[
https://issues.apache.org/jira/browse/HDFS-2912?page=com.atlassian.jira.plugin.system.issuetabpanels:comment-tabpanel&focusedCommentId=13203157#comment-13203157
]
Bikas Saha commented on HDFS-2912:
----------------------------------
>From what I read of the code, for some of the cases (such as a flush of logs)
>where the NN actually dies on shared dir hiccups the runtime.exit() call was
>not added in the HA context. It was added when JournalSet was added by
>Jitendra long ago.
In any case, I would ideally like to have a cleaner shutdown mechanism to make
sure that exit(1) do not proliferate in hard to find ways. Will let
[HDFS-2913|https://issues.apache.org/jira/browse/HDFS-2913] track that.
For now, I will add an exit(1) after the LOG.FATAL in
JournalSet.mapJournalsAndReportErrors(). This is the common code path through
which all journal operations go through (roll edit logs, flush etc).
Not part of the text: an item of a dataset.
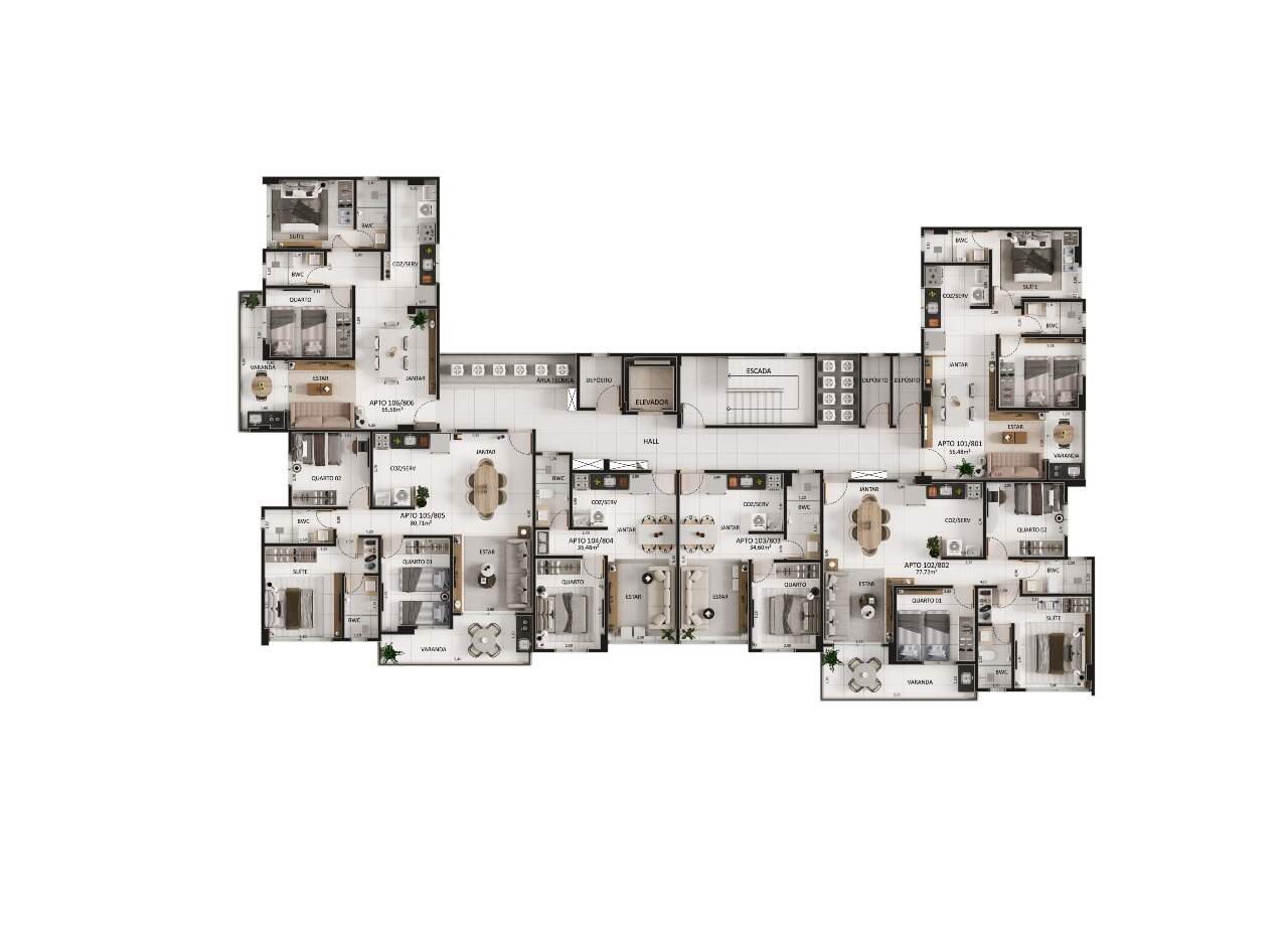Apartamento com 77,72m² a 80,71m², possuindo uma sala de estar/jantar, cozinha com área de serviço integrada, três quartos, sendo uma suíte; banheiro social e uma varanda.

So putting
one here should hopefully catch all journal related cases.
> HA: Namenode not shutting down when shared edits dir is inaccessible
> --------------------------------------------------------------------
>
> Key: HDFS-2912
> URL: https://issues.apache.org/jira/browse/HDFS-2912
> Project: Hadoop HDFS
> Issue Type: Sub-task
> Components: ha, name-node
> Affects Versions: HA branch (HDFS-1623)
> Reporter: Bikas Saha
> Assignee: Bikas Saha
>
> When there is an error in shared edits dir then current policy requires the
> active name node to abort and shutdown.
> Currently there is no way to shut down the name node and hence this does not
> happen even after all journals have been aborted on error. In fact the name
> node stays Active and also is not in safe mode. Ideally it should shut down,
> or at least go into safe mode or standby mode.
--
This message is automatically generated by JIRA.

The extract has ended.